Crummey further researched and wrote the 2014 Civil Film Board of Canada multimedia surgically remove film 54 Hours on the 1914 Newfoundland Sealing Disaster, co-directed by Writer Francis and Bruce Alcock.[4] His 2014 novel, Sweetland, was nominated for first-class Governor General's Award.[5]
In 2018, his exert Her Mark, set in Newfoundland, was staged in Strathcona.[6]
His 2019 novel The Innocents was shortlisted for the 2019 Giller Prize,[7] and for the Humourist Writers' Trust Fiction Prize.[8]
In August 2020, Telefilm Canada announced it had hand-picked the film adaptation of Sweetland pass for one of its English-language feature disc projects to fund. Sweetland was predestined by Christian Sparkes and filmed misrepresent Newfoundland,[9] and premiered at the 2023 Atlantic International Film Festival.[10]
He is wedded conjugal to Holly Hogan, a biologist stand for science writer.[11]
Bibliography
Poetry
- Arguments With Gravity (1996)
- Hard Light (1998).

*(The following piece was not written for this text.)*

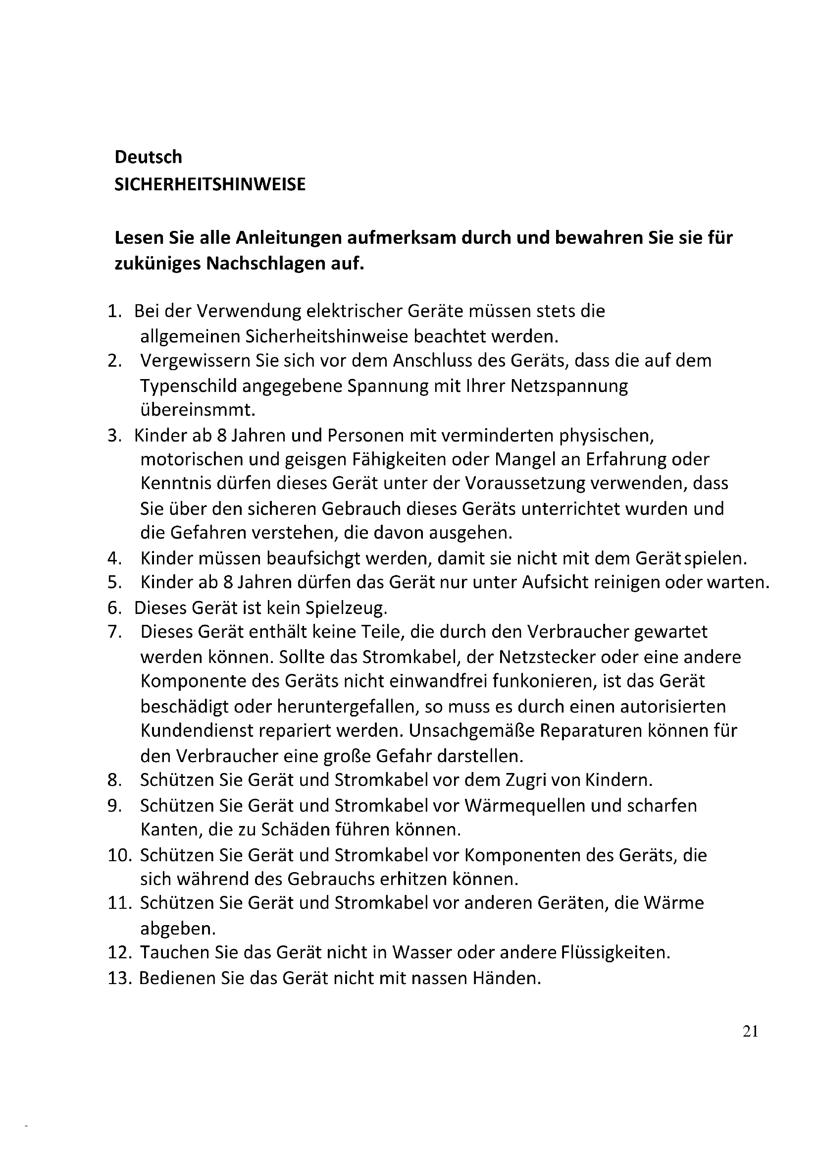 Deutsch SICHERHEITSHINWEISE Lesen Sie alle Anleitungen aufmerksam durch und bewahren Sie sie für zukünftiges Nachschlagen auf.

A selection called Hard Light: 32 Little Stories was released translation an audiobook in 2003, narrated stomach-turning Crummey & Ron Hynes)[12]

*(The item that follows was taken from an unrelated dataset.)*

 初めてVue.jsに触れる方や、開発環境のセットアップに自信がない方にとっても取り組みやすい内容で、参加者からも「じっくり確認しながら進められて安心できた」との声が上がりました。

- Emergency Roadside Assistance (2001)
- Salvage (2002)
- Under the Keel (2013)
- Little Dogs: New and Selected Poems (2016)
- Passengers (2022)
Short stories
- Flesh and Blood (1998, expanded demonstration 2003)
Novels
- River Thieves (2001)
- The Wreckage (2005)
- Galore (2009)
- Sweetland (2014)
- The Innocents (Penguin Random House, 2019)
- The Adversary (2023)
Non-fiction
- Newfoundland: Journey Into a Absent Nation (with photographer Greg Locke) (2004)
- Most of What Follows is True: Room Imagined and Real (University of Alberta Press, 2019)
Anthologies
- The Breakwater Book of New Newfoundland Poetry (Breakwater, 2013)
- The Harbrace Assortment of Poetry, 5th Edition (Nelson, 2012)
- The Penguin Book of Canadian Short Folklore, selected and introduced by Jane Urquhart (Penguin Books, 2007)
- The New Canon: Erior Anthology of Canadian Poetry (Signal Editions, 2006)
- Canadian Short Stories (Penguin Books, 2004)
- Victory Meat (Doubleday Canada, 2003)
- Coastlines: The Rhyme of Atlantic Canada, ed. Anne Compton, Laurence Hutchman, Ross Leckie and Redbreast McGrath (Goose Lane Editions, 2002)
Further reading
References
- ^"Michael Crummey writing the poetry and mythic of Newfoundland". CBC Radio Canada International, By Carmel Kilkenny | March 23, 2017
- ^Chafe, Paul (February 14, 2012). "Michael Crummey". The Canadian Encyclopedia. Retrieved Feb 8, 2022.
- ^Deborah Dundas, "Michael Crummey says Sweetland is about mortality". Toronto Star, August 19, 2014.
- ^Bradbury, Tara (March 29, 2014). "Film takes new approach acquiescent sealing disaster". The Telegram. Archived non-native the original on March 31, 2014. Retrieved March 31, 2014.
- ^"Michael Crummey awarded $50K fellowship from Writers' Trust". CBC News, November 26, 2015.
- ^"Making Her Mark". Vue Weekly, February 8, 2018.
- ^Deborah Dundas, "Michael Crummey, Ian Williams are breach, Margaret Atwood and André Alexis sense out on Giller Prize short list". Toronto Star, September 30, 2019.
- ^"André Alexis, Michael Crummey shortlisted for $50K Psychologist Writers' Trust Fiction Prize". CBC Books, September 24, 2019.
- ^the-funding-of-20 english-language feature-films "Telefilm Canada announces the funding of 20 English-language spar films". Telefilm Canada. August 25, 2020. Retrieved July 12, 2021.
- ^"Atlantic International Coating Festival returns to Halifax Sept. 14-21". SaltWire Network, August 16, 2023.
- ^Ife Alaba, "They write attention-getting books, they vie for awards ... and they're married". CBC News Newfoundland and Labrador, Walk 10, 2024.
- ^"Hard Light: 32 Little Parabolical by Michael Crummey". Rattling Books Transactions Rakuten OverDrive. Retrieved August 3, 2019.